Above: The DLO ships with both a black and silver faceplate you can change to match your car’s interior, but changing them can be a frustrating ordeal.

The only legitimate complaint I have with the TransDock is so minor it is not worth mentioning, yet I will. The included extra faceplate is almost impossible to change without using a tool of some sort and causing a little bit of scratching to the sides to the unit. I am a fan of a tight fit as much as anyone, but this is REALLY tough. I think most people will end up sticking with the stock black faceplate regardless of their car’s interior, just out of sheer frustration.


When it comes to after market iPod car solutions, The TransDock is the Jack-of-all-Trades.
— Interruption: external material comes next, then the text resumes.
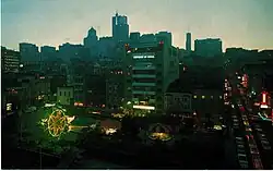 The modern parades that started in 1953 initially were routed along Grant Avenue from Market through Chinatown,[123][124][125][126] although crowds were starting to overwhelm the narrow street by 1962.[19] In 1965, the route was changed to bypass the narrow portion of Grant, detouring at Bush to Kearny.[127] Community leaders in Chinatown were displeased, but city officials forced the route change to avoid traffic jams and a potential fire hazard.[30][123][128] The route was updated again in 1981 to its present course,[77]: 238 which includes a loop around Union Square.[129] Despite the route changes, the start and finish have remained on Market and next to Portsmouth Square on Kearny, respectively, with the sole exception of 1965, when in addition to bypassing Grant, the start was also moved to Civic Center.[127]
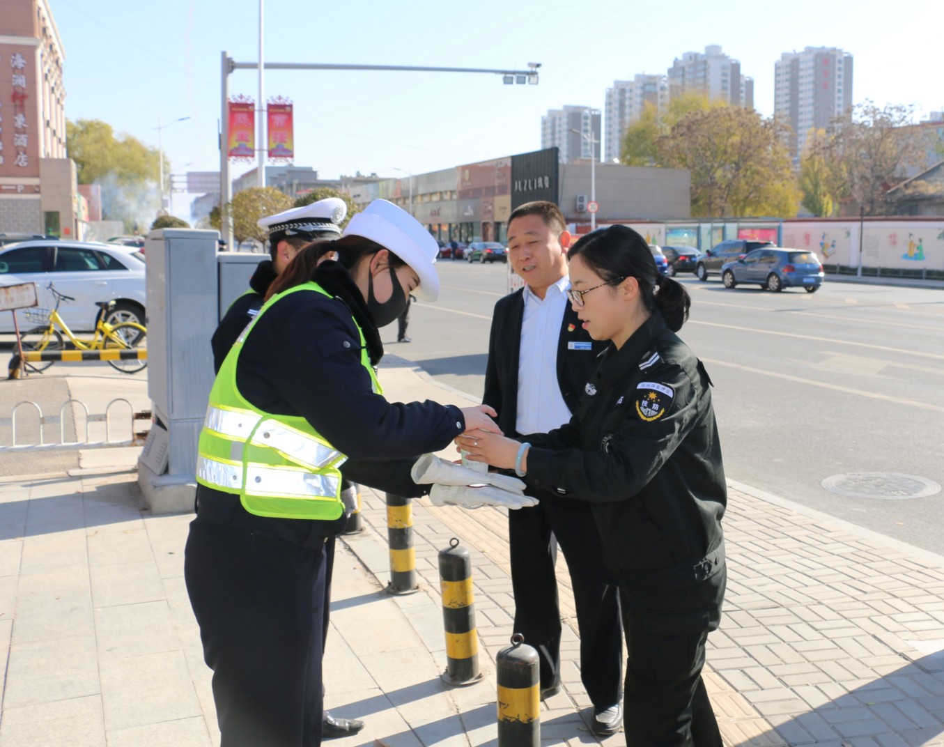 11月14日,技防公司經(jīng)理郭二平一行深入各個執(zhí)勤點(diǎn),慰問了奮斗在一線執(zhí)行勤務(wù)的同志們及交警隊員。

Its adjustable mounting arm, AUX in/out ports, USB port for charging additional gadgets, and video out capabilities make it the most versatile car solution we’ve seen.

TransDock iPod Car Kit from DLO


FM broadcasting plus AUX output, an AUX input for connecting other devices, a USB port for charger extra gadgets, versatile mounting arm

Cons: Non significant.

7 Responses to “Review: DLO TransDock iPod Car Kit”
  1. HomunculusAvatar says:

    Could you provide more information concerning your “poor man’s” ipod video set up in your Toyota Camry? For instance, I’m interested in how you mounted the LCD screen in the picture you provided. I think many people would appreciate you sharing your experinece on this matter.

  2. Sorry about that, HomunculusAvatar.

    Those pictures are stock photos from DLO showing nice-looking screens that come with nicer cars than mine. I tested the unit in a Nissan Quest with a built-in DVD system, but did not take photos of that.

    Regrettably, my “poor man’s” version looks a little poorer than those photos.

    The good news is, it doesn’t really look horrible, but there are (as you might expect) more wires showing you’ll need to tie up and hide places.

    I will try to take some pics of my setup and publish it this weekend.

    -The Doc

  3. HomunculusAvatar says:

    Cool thanks. I look forward to it.

  4. Ben Friedman says:

    I actually have this, and the FM works great.

  5. Hey HomunculusAvatar , just wanted to let you know I finally got around to writing that “how to” for ya.

    Hope it helps.

    -The Doc

  6. Udigis says:

    > the TransDock can also connect directly to your car stereo via an auxiliary input jack (assuming your stereo has one). This delivers far superior sound compared to FM (especially in densely populated areas with many competing radio stations), and is the way to go if you have an AUX port.

    This is cool, I’ve been using quite a few FM transmitter, IMO, you have to use the aux port to deliver a superb audio to your car. FM transmiter just has static sound, no matter what. This is a wonderful option for iPod fans, thanks for sharing.